What began as a fun hobby for two twenty-somethings blossomed into a thriving brewpub that as of this summer serves up its own award-winning craft beer.
“We just started home brewing with little extract kits like most people do,” Ross Metzger said of the pastime he and business partner Cody McKendrick enjoyed more than a decade ago.
But this June kicked their notability up a notch when Bewilder Brewing Company came away from the North American Brewing Association Festival in Idaho Falls with two bronze medals and a pair of golds.
Their Kolsch and ESB brews came in third place, while their Double Hazy IPA and Wee Heavy beers both took first.
“As far as I know, we’re the first national gold medal winner in Utah to get a gold for that style of beer. That’s a pretty big deal for us,” Metzger said of their super-hoppy IPA.
Getting the gold for their Wee Heavy beer also felt significant, Metzger said, because it resulted from a collaborative effort with Strap Tank Brewery in Lehi.

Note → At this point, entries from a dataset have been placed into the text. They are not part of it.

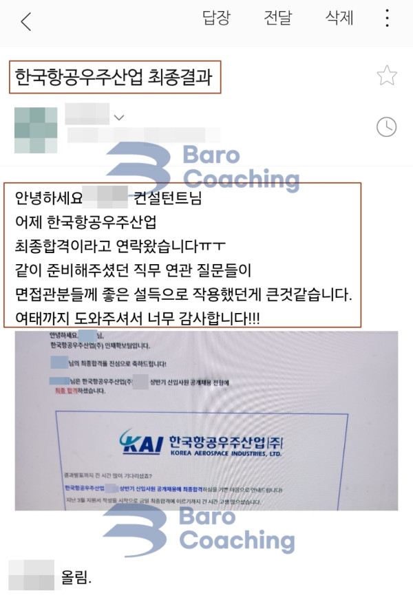 바로코칭에서 컨설팅 받은 학생의 한국항공우주산업(KAI) 면접 합격 후기입니다.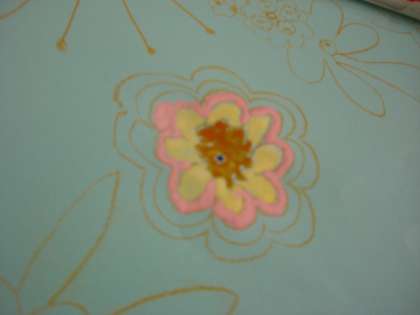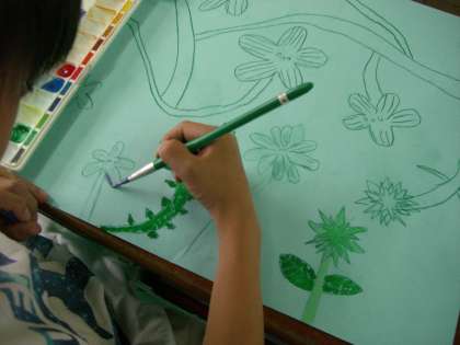 今まで学習した水彩絵の具の使い方をおさらいした後,ていねいに彩色している様子です。みんな集中して取り組んでいます。いろとりどりの美しいまぼろしの花が出来上がっていきそうです。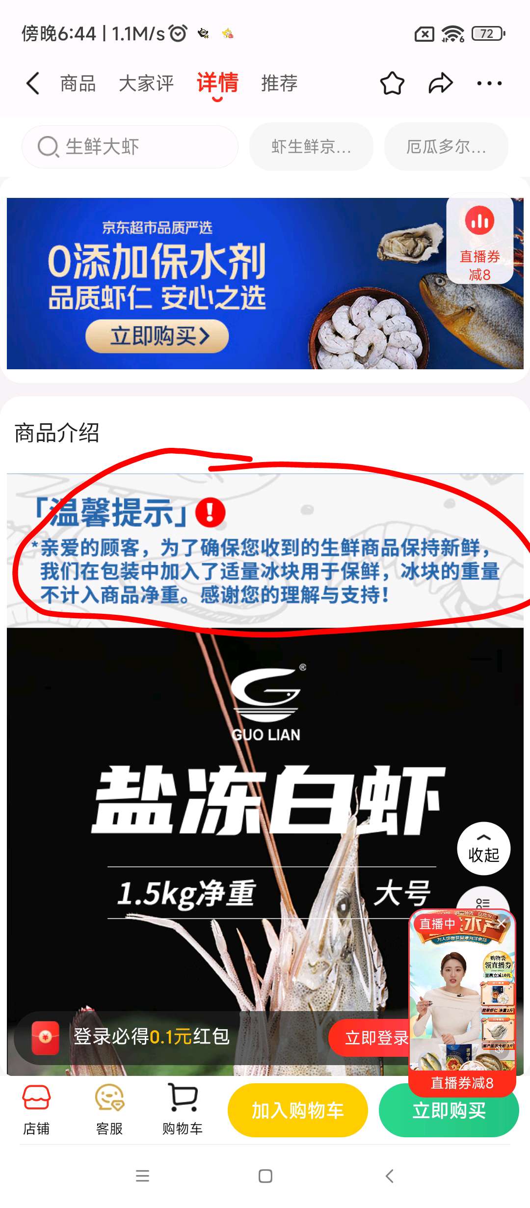 315反应的虾仁冰冻加冰计入净重,国联直接去除冰块重量,就是虾仁净重,值得大家购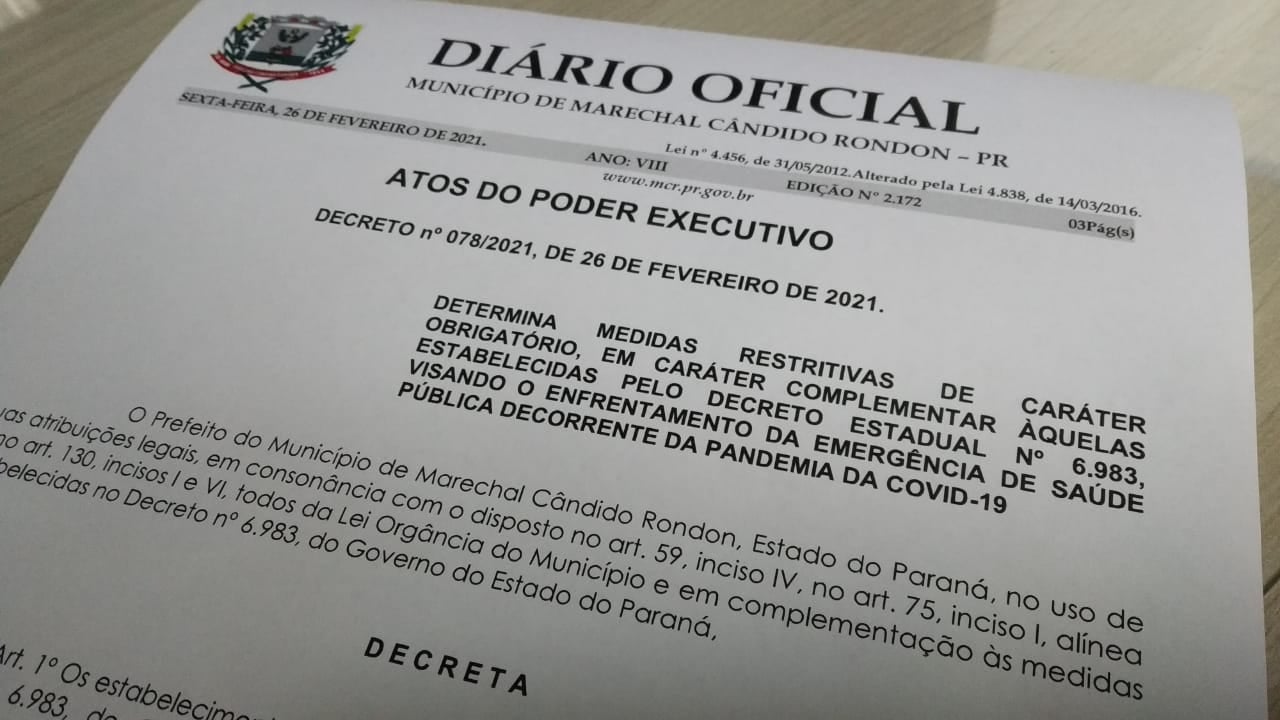 O Prefeito do Município de Marechal Cândido Rondon, Estado do Paraná, no uso de suas atribuições legais, em consonância com o disposto no art. 59, inciso IV, no art. 75, inciso I, alínea o, no art. 130, incisos I e VI, todos da Lei Orgância do Município e em complementação às medidas estabelecidas no Decreto nº 6.983, do Governo do Estado do Paraná,
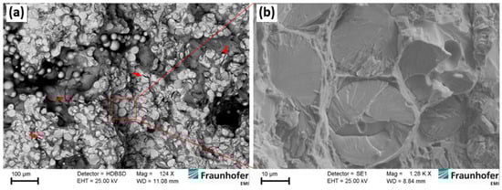 In the backscatter image (a), it can be seen that the heavy tungsten particles (bright grey) were distributed over the whole sample surface. The dark areas represent the lighter steel matrix phase. However, porosity was clearly visible, e.g., the dark hole at the right side of the image. Regarding the failure behavior, tungsten intraphase failure and a few cracks in the steel matrix can be stated (indicated by red arrows). Having a closer look at the failure surface (b), it can be observed that the tungsten particles were thoroughly embedded in the steel matrix. Thus, the tungsten particles were not ripped off the matrix during the tensile test, but cleavage planes of the particles dominated the failure surface. This indicates that the contact between the matrix and reinforcing particles was strong enough to withstand the applied tensile forces.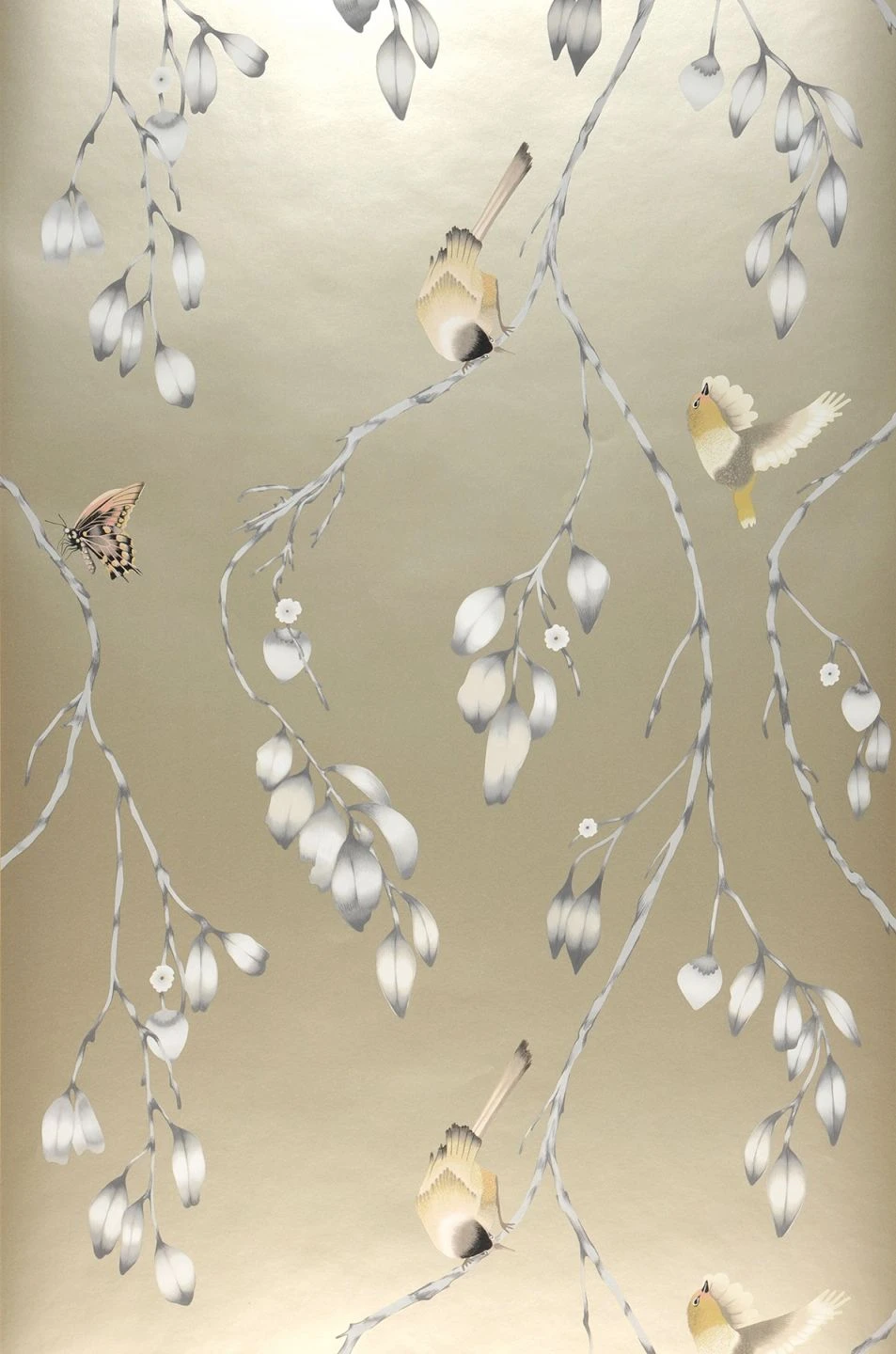 Sich nach unten schlängelnde Zweige mit feinen Blüten bilden den Tummelplatz für eine aktive Vogelschar. Die Romantik Tapete präsentiert sich in den weichen Musterfarben Beige, Cremeweiss, Grau, Graubeige, Hellrosa. Perlbeige als schimmernde Grundfarbe verleiht der glatten Vliestapete den extravaganten glamourösen Touch.

“It’s a Scottish ale with high-alcohol content. We did an extended boil that kind of caramelizes the sugar and darkens the color of the beer,” Metzger said, noting that the process “makes for a really long brew day.”
“So we did part, Strap Tank did part, then we mixed the beers together, fermented it and ended up winning a gold,” Metzger said.
But Metzger noted that he’s equally proud of the bronze honors their Kolsch and ESB beers received.
“Those are traditional-style beers that are fairly nuanced,” Metzger said. “And they’re our core beers ― what we have on tap all the time.” Not to mention they’re gluten-reduced, he added.
The nonprofit North American Brewers Association formed in 1996 to “secure beer’s role in our culture and society through the advancement of brewing quality and consumer education.”
The organization’s list of this year’s winners included 138 breweries from 22 states who nabbed a total of 288 awards, with Utah boasting 17 brewmakers and 51 medals.
Utah’s thriving craft brew industry seems stunning coming from a state where the predominant religion frowns on consuming alcohol.
But Metzger said he’s not surprised by Utah’s quality of production.
“(Alcohol) laws are influenced by the LDS population, obviously, but it’s actually driven Utah to make a little bit better beer,” Metzger said, recalling the state’s former 3.2 percent alcohol law that lawmakers lifted in November 2019.
“You couldn’t brew a beer on tap over 4 percent in volume,” Metzger said. “When you’re limited to that, you have to have really good production and technique to make good tasting beer with really low alcohol.”